Look through the entries below for the line with "Cabin of a VR" and the line with "Photograph of shells", then give again exactly those two lines and all lines between them, minus the pictures.

SOURCE DATA —
------------------------------------------------------------
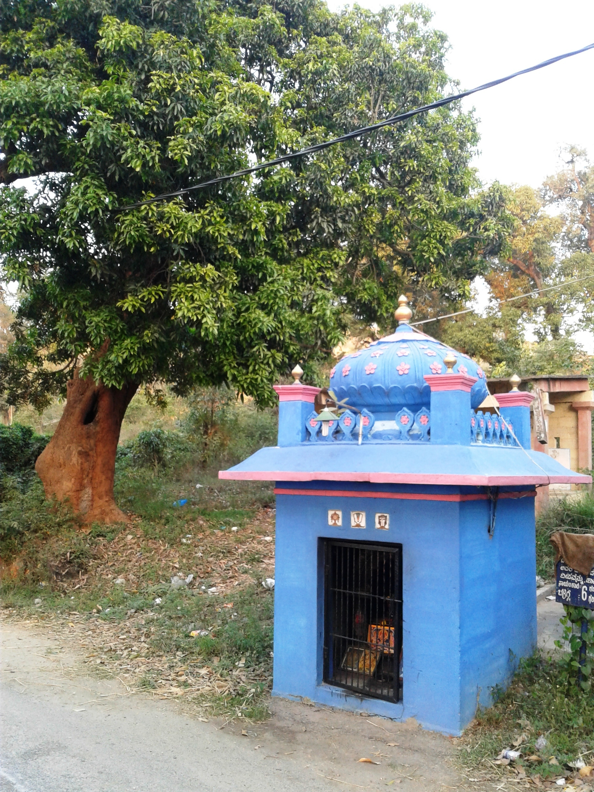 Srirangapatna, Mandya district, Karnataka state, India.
------------------------------------------------------------
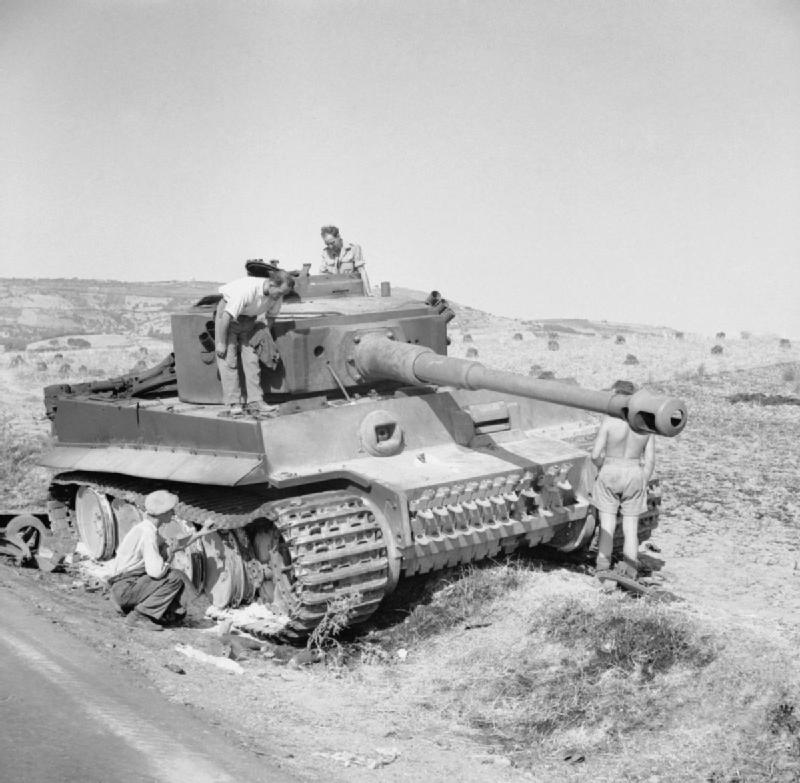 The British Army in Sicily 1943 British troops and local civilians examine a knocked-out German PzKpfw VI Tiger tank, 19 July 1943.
------------------------------------------------------------
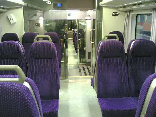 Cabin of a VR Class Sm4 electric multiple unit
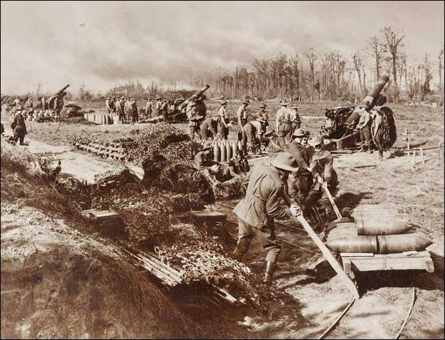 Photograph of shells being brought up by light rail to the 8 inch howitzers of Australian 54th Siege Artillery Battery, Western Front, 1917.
------------------------------------------------------------
EXPECTED OUTPUT —
 Cabin of a VR Class Sm4 electric multiple unit
 Photograph of shells being brought up by light rail to the 8 inch howitzers of Australian 54th Siege Artillery Battery, Western Front, 1917.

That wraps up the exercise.